Why does Tyler Durden find such resonance in culture? | Source

So, let our critical task become postmodern as these words are typed. Let’s ask the question: how would an understanding of the narrator’s relationship to Tyler Durden in the work Fight Club enhance our own understanding of literature’s relationship to film. That is the question postmodern literature must square in the face, though, like fight club, the first rule of this battle between literature and film, is that you don’t talk about the battle between literature and film.

To pursue the question, there are a few options present to literature at this point. These options are not unlike the options presented to the narrator. The first is to accept its place in society and concern itself with furnishing out its small corner, or apartment, with the academic, literarily accepted, and stylish knick-knacks. The character notably does this, before blowing his apartment up.
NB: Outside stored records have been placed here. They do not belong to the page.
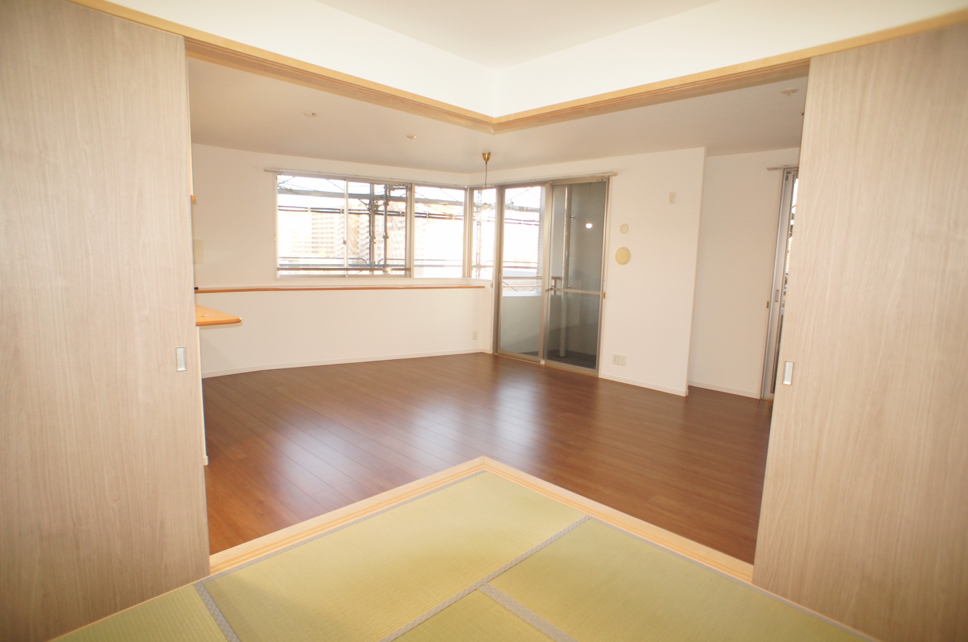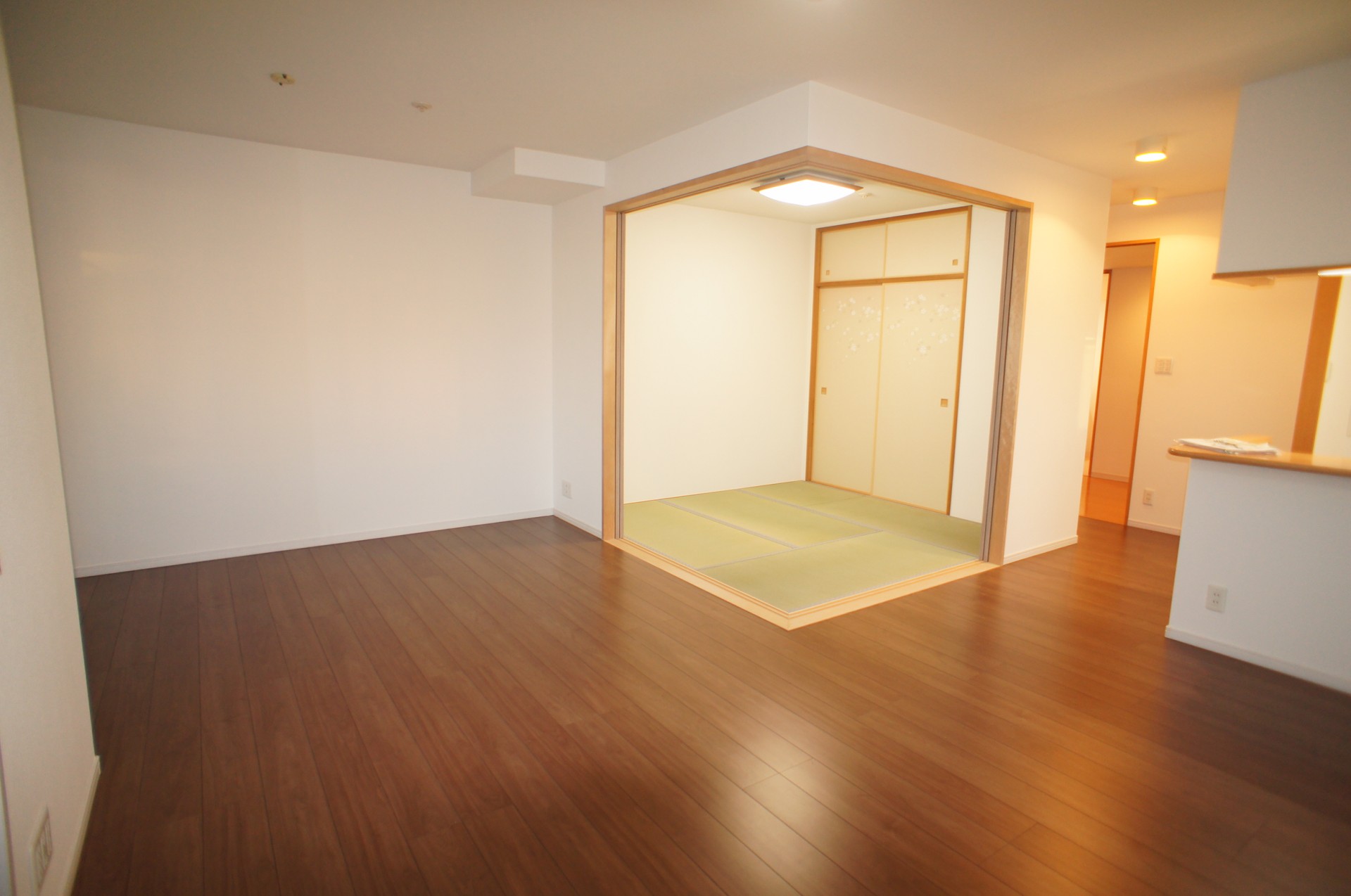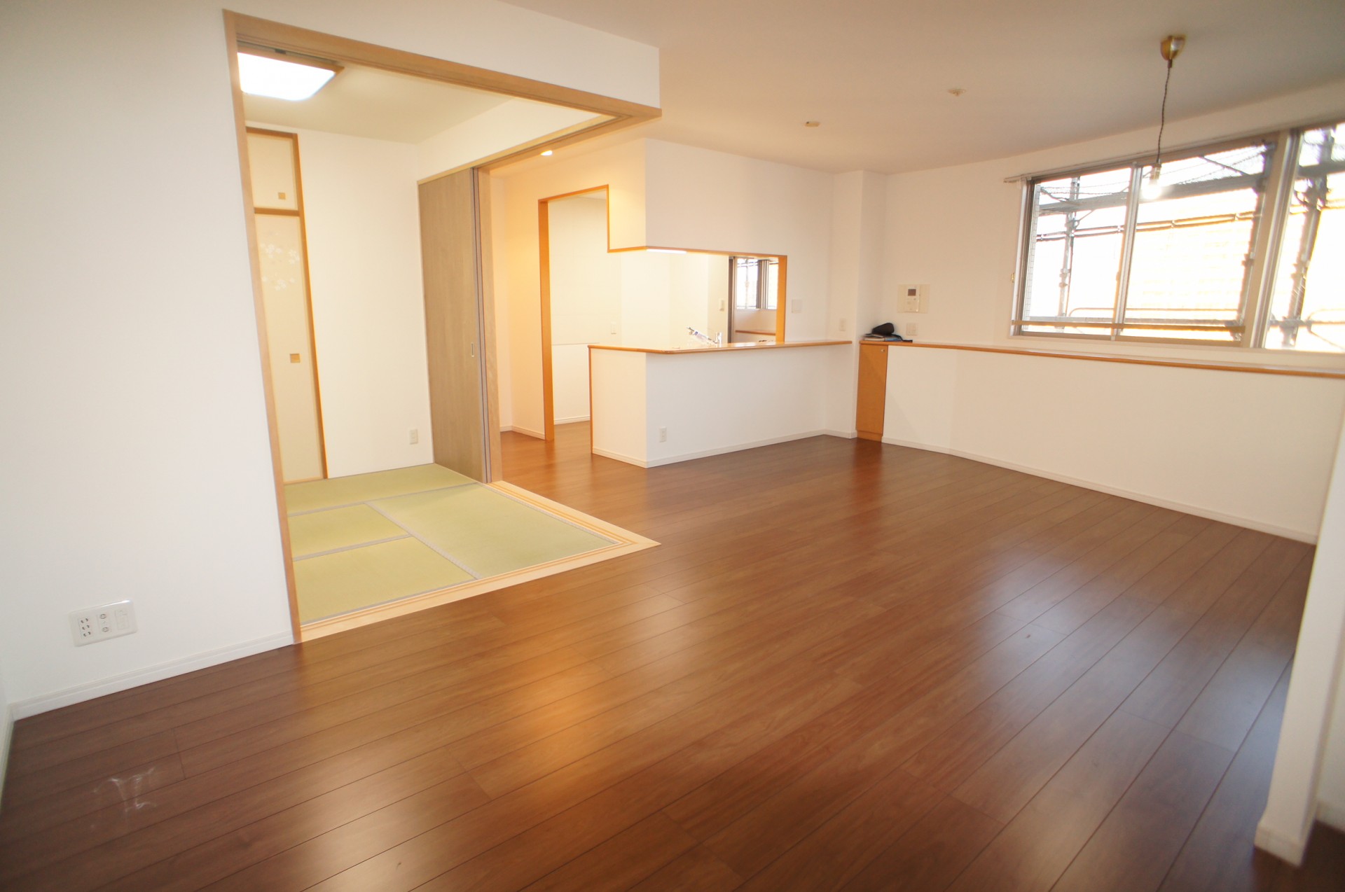 4LDKの間取りのお部屋でしたが、リビングをもっと有効に広く使えるようにリビング横の洋室をリビングに取り込み和室も開放できるように壁を取っ払い扉を新しくし最大25畳になる広いリビングは対面キッチンからリビング全体を見渡せるようになり使いやすくなりました。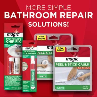 Magic Bath Tub and Wall Peel and Stick Caulk is pre-shaped, flexible trim with pre-applied butyl adhesive. Simply peel and stick to the surface, even over existing caulk. The molded-in score line assures uniform positioning against the surface. It's the perfect finishing touch to refresh or update your bathtub or wall trim. Magic offers a line of quick fixes for your bathroom, some of the things we offer are Tub and Floor Peel and Stick Caulk, Tub and Wall Peel and Stick Caulk, Tile and Grout Coating Pen and more. Recaulking your tub and wall doesn't have to be a pain with Magic Tub and Wall Peel and Stick Caulk. It's designed to provide a flush seal without the usual mess of caulking. Hide stubborn grout stains instantly with the Magic Tile and Grout Coating Pen. This easy-to-use marker makes covering up grout stains a breeze. • Color: White • Size: 1-5/8 In. X 11 Ft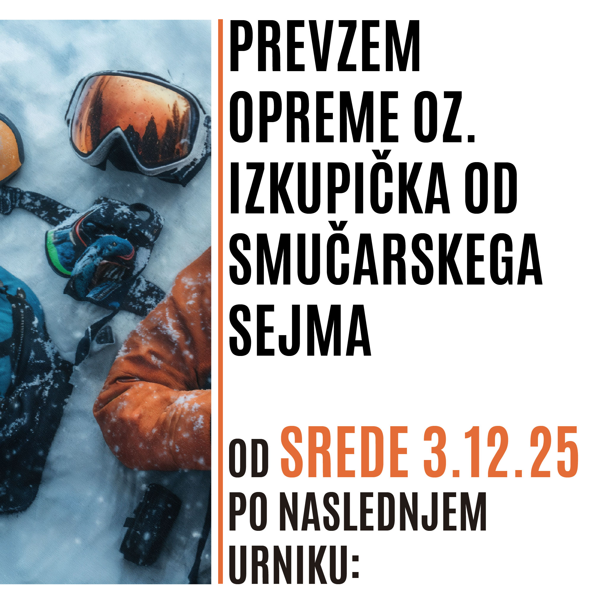 Opremo oziroma izkupiček od smučarskega sejma je mogoče od SREDE 3.12.25 dalje prevzeti na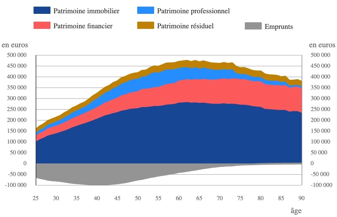 Ces chiffres restent cohérents avec le parcours de vie d’une personne du haut de la classe moyenne (médecin, avocat, artisans, …) ayant fini de rembourser son prêt immobilier et ayant également accumulé une épargne au cours de sa vie grâce au revenu de son entreprise. Cela se confirme en regardant la distribution du patrimoine par ménage. La Figure 6 illustre la composition du patrimoine brut en fonction des ménages en fonction de l’âge de la population.

The second option is for literature to let itself be transformed into this larger than life version of itself that cannot be ignored and that will most likely choke it out even though it isn’t at all the thing literature intended when he first agreed to a film deal.

Chuck Palahniuk, author of Fight Club and several other novels, like Choke, which has also been made into a film.
Chuck Palahniuk, author of Fight Club and several other novels, like Choke, which has also been made into a film. | Source

What Would Tyler Durden Say?

It is not small coincidence that Tyler Durden relationship to the narrator is helpful in explaining why film versions of books so often miss the mark despite their inflated budgets, spectacles and aspirations. These films really are Frankenstein versions of the books they represent. No author is spared. Kurt Vonnegut has been butchered (Breakfast of Champions). So has Michael Crichton (Sphere, Congo), Homer (Troy), and Douglas Adams (The Hitchhiker’s Guide to the Galaxy), to name just a few. If this is true, and it is, then Tyler Durden is not done telling us about Hollywood.

What is Tylder Durden’s attitude towards the narrator? Enigmatic? Problematic? Co-dependent? Manipulative? I think the underlying term evolving from this “word cloud” is parasitic. Personifying film, ever the aim of postmodern criticism it is starting to look like, this would explain a few things about Hollywood. If the thesis is correct that films are parasitic to literature in nature, it stands to reason they would be parasitic on the ideas in the books. This means they would be just as parasitic to other ideas, like other films, television shows, board games, kid’s shows from the 80s and survival horror video games. The evidence speaks for itself.

How Far Can Tyler Take Us...

This examination is worth nothing if it doesn’t have a prognosis or treatment along with the diagnosis of the current malaise in Hollywood. Tyler Durden, once again, has an idea. Within the film, Tyler was certainly not going to content himself with the narrator, the way Hollywood doesn’t content itself with sucking the life out of books alone. No, Tyler has one agenda, the complete disruption of the status quo. What does this mean for Hollywood? Well Tyler Durden seems to say that the way Hollywood goes about business undermines the very viability of the business it is going about.

To take the analogy beyond this is unnecessary. The post-modern point is made: Hollywood will eat itself alive because eventually, it will run out of anything else good to eat. At that point, all we’ll see is sequel after sequel after sequel. If that ever happens, the advice Maynord James Keenan gives the entire LA area would be ironically appropriate. And, since this is post-modern criticism, there’s no rules against quoting lyrics yet (edited for language):

“Fret for your figure and
Fret for your latte and
Fret for your lawsuit and
Fret for your hairpiece and
Fret for your prozac and
Fret for your pilot and
Fret for your contract and
Fret for your car.

It's a bulls*** three-ring-circus sideshow of freaks here in this hopeless f**** hole we call LA. The only way to fix it is to flush it all away...." - Maynord James Keenan

The lyrics may seem harsh and angry, but when considering Tyler Durden, or Hollywood, for that matter, context is everything.